→ **Data records**:
━━━━━━━━
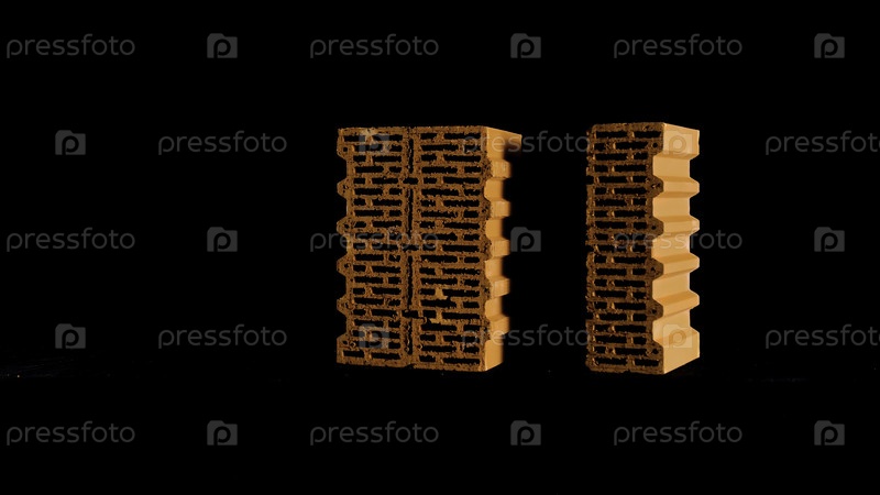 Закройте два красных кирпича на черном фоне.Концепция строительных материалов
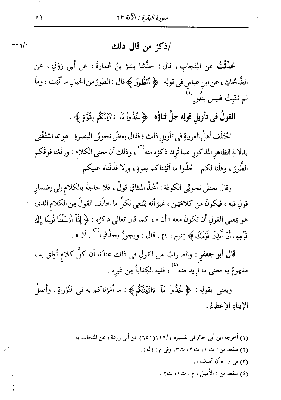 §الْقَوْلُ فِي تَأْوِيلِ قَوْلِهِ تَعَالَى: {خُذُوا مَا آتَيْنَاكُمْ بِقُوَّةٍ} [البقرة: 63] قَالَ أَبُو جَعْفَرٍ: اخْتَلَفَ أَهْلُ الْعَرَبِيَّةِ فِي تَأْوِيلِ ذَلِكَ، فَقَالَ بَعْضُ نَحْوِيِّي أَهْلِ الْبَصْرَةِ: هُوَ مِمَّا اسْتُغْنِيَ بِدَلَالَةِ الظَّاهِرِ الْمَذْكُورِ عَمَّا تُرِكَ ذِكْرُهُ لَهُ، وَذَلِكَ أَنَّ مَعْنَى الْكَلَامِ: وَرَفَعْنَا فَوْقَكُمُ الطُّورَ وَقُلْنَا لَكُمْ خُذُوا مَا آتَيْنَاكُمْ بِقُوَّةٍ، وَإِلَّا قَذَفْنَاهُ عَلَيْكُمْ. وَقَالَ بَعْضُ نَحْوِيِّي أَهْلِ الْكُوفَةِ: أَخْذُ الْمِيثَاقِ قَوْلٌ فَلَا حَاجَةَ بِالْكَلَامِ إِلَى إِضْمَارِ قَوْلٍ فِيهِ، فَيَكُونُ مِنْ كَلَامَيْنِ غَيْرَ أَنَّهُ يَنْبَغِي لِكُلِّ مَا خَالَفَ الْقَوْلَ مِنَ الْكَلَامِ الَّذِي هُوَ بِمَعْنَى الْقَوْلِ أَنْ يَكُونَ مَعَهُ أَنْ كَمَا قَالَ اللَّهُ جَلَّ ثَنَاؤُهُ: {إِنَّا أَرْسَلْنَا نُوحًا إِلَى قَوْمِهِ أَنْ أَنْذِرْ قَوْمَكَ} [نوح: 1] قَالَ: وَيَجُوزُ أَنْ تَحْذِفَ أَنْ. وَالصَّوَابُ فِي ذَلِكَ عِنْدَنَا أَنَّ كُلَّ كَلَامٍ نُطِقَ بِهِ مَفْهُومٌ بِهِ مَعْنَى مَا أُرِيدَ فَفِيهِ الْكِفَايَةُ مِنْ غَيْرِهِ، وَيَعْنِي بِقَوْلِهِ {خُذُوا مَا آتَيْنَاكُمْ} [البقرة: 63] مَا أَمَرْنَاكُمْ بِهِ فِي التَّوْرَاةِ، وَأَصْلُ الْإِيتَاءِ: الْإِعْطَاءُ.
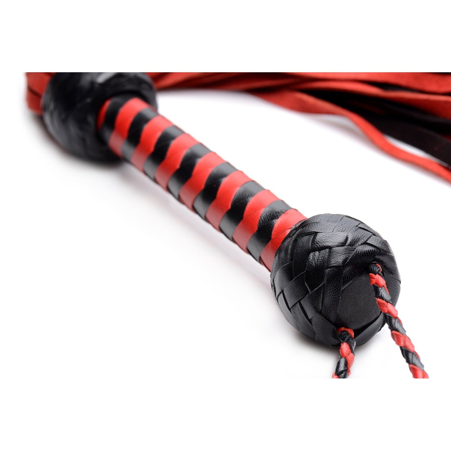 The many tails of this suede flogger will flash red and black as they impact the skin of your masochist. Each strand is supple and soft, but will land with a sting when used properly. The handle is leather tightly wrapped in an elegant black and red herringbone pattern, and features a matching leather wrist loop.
━━━━━━━━
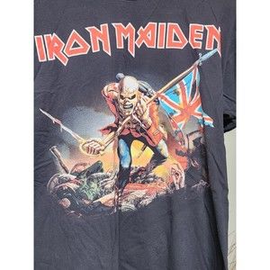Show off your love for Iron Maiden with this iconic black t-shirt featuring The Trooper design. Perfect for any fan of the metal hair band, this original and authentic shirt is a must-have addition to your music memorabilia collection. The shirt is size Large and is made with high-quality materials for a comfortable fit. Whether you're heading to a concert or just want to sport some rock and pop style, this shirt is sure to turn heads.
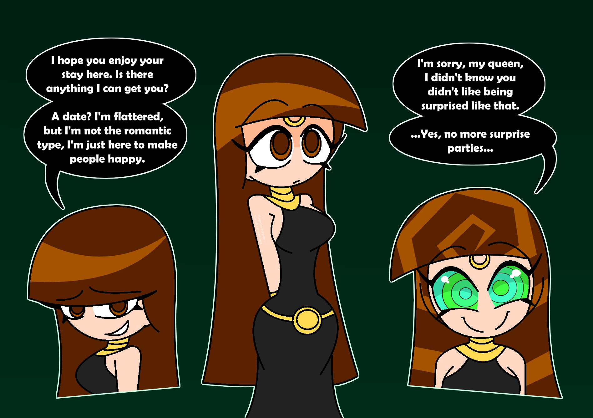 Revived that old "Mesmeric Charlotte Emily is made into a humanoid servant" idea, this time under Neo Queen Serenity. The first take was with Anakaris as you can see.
━━━━━━━━
Line for line, output the entries above from the line with "Закройте два красных" to the line with "وَأَصْلُ الْإِيتَاءِ: الْإِعْطَاءُ.", both included, and nothing more. Skip pictures.

 Закройте два красных кирпича на черном фоне.Концепция строительных материалов
 §الْقَوْلُ فِي تَأْوِيلِ قَوْلِهِ تَعَالَى: {خُذُوا مَا آتَيْنَاكُمْ بِقُوَّةٍ} [البقرة: 63] قَالَ أَبُو جَعْفَرٍ: اخْتَلَفَ أَهْلُ الْعَرَبِيَّةِ فِي تَأْوِيلِ ذَلِكَ، فَقَالَ بَعْضُ نَحْوِيِّي أَهْلِ الْبَصْرَةِ: هُوَ مِمَّا اسْتُغْنِيَ بِدَلَالَةِ الظَّاهِرِ الْمَذْكُورِ عَمَّا تُرِكَ ذِكْرُهُ لَهُ، وَذَلِكَ أَنَّ مَعْنَى الْكَلَامِ: وَرَفَعْنَا فَوْقَكُمُ الطُّورَ وَقُلْنَا لَكُمْ خُذُوا مَا آتَيْنَاكُمْ بِقُوَّةٍ، وَإِلَّا قَذَفْنَاهُ عَلَيْكُمْ. وَقَالَ بَعْضُ نَحْوِيِّي أَهْلِ الْكُوفَةِ: أَخْذُ الْمِيثَاقِ قَوْلٌ فَلَا حَاجَةَ بِالْكَلَامِ إِلَى إِضْمَارِ قَوْلٍ فِيهِ، فَيَكُونُ مِنْ كَلَامَيْنِ غَيْرَ أَنَّهُ يَنْبَغِي لِكُلِّ مَا خَالَفَ الْقَوْلَ مِنَ الْكَلَامِ الَّذِي هُوَ بِمَعْنَى الْقَوْلِ أَنْ يَكُونَ مَعَهُ أَنْ كَمَا قَالَ اللَّهُ جَلَّ ثَنَاؤُهُ: {إِنَّا أَرْسَلْنَا نُوحًا إِلَى قَوْمِهِ أَنْ أَنْذِرْ قَوْمَكَ} [نوح: 1] قَالَ: وَيَجُوزُ أَنْ تَحْذِفَ أَنْ. وَالصَّوَابُ فِي ذَلِكَ عِنْدَنَا أَنَّ كُلَّ كَلَامٍ نُطِقَ بِهِ مَفْهُومٌ بِهِ مَعْنَى مَا أُرِيدَ فَفِيهِ الْكِفَايَةُ مِنْ غَيْرِهِ، وَيَعْنِي بِقَوْلِهِ {خُذُوا مَا آتَيْنَاكُمْ} [البقرة: 63] مَا أَمَرْنَاكُمْ بِهِ فِي التَّوْرَاةِ، وَأَصْلُ الْإِيتَاءِ: الْإِعْطَاءُ.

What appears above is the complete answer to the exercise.